Era uma vez um texto...

dizeresmeus
Era uma vez um texto que renegava a sua condição de texto porque tinha medo da morte. No entanto, quando veio a saber que uns seus parentes afastados (certos quadros, esculturas, filmes e fotografias do lado materno) tinham conseguido alcançar a imortalidade, ficou-lhes com inveja.
Desde o seu nascimento (quando alguém escrevera certa vez «Era uma vez um Texto..»), que nunca mais deixou de pensar, aterrorizado, no último momento da sua existência, e para afastá-lo, tentou arranjar um significado para si mesmo. Mas para isso era necessário ser-se lido por alguém, tornar-se necessitado por alguém.
Porém, este texto era fraco, não possuía força suficiente para conter significado.

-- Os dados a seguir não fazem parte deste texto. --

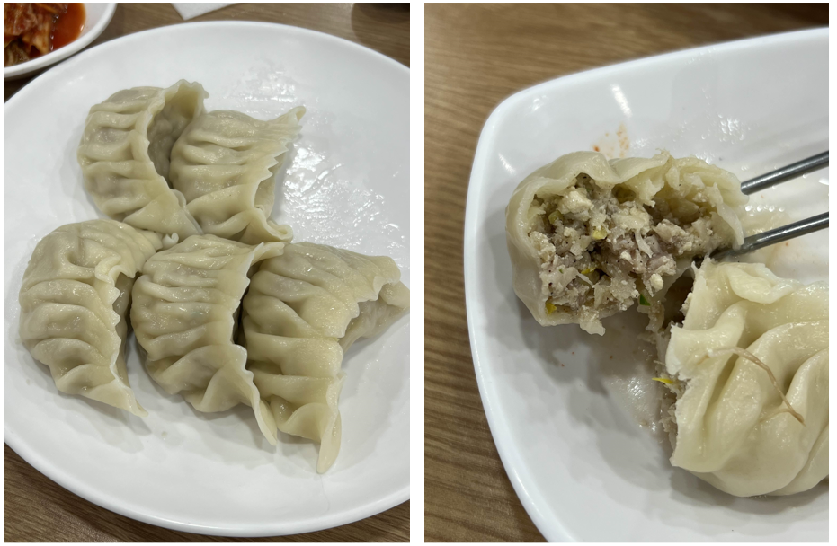 만두가 나왔습니다. 만두는 15,000원에 6알이 나옵니다. 물론 수제 만두입니다. 피는 쫄깃했고 속은 촉촉 육, 채즙이 흘러나오고 전체적으로 자극적이지 않은 담백한 두부+숙주+고기 스타일의 만두입니다. 저는 만두의 간을 중요시하는데요. 이 만두는 간도 완벽했고 풍미도 좋았습니다. 생존하셨습니다.
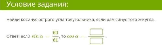 Найди косинус острого угла треугольника, если дан синус того же угла.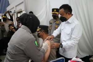 “Tadi Bupati melaporkan vaksinasi total sudah mencapai 80% lebih, dan untuk anak-anak juga sudah diatas 80%. Tapi kita jangan terlena dan lalai mentang-mentang sudah vaksin, apalagi ada varian baru, Omicron yang lebih cepat menular,” imbau Komjen Pol Agung.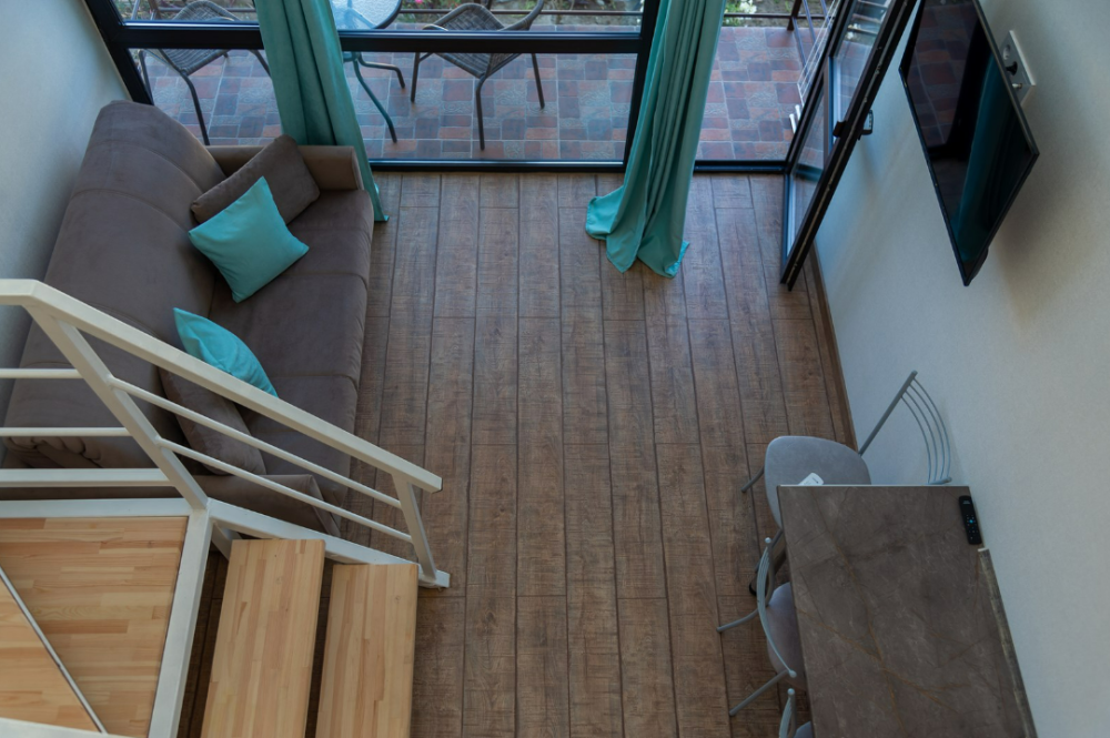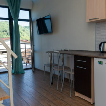 Апартаменты расположены в отдельном здании и состоят из двух уровней - на антресоли расположена большая двуспальная кровать или две односпальные кровати (по желанию). На нижнем уровне расположен диван и мини-кухня.

Por isso, abandonou-se ao correr das letras e caíu na aceitação do final, consciente de que deste modo tudo terminaria e tudo se tornaria irreversível.
E é aqui, perto deste parágrafo, que lamento ter de anunciar que com apenas 15 frases de vida o texto foi acometido por uma grave síncope linguística de ponto final, e faleceu. Fontes oficiais informam-nos que se tratou de uma morte dupla: Morreu o Texto e o seu Sentido.
Ninguém se lembrava de o ter lido.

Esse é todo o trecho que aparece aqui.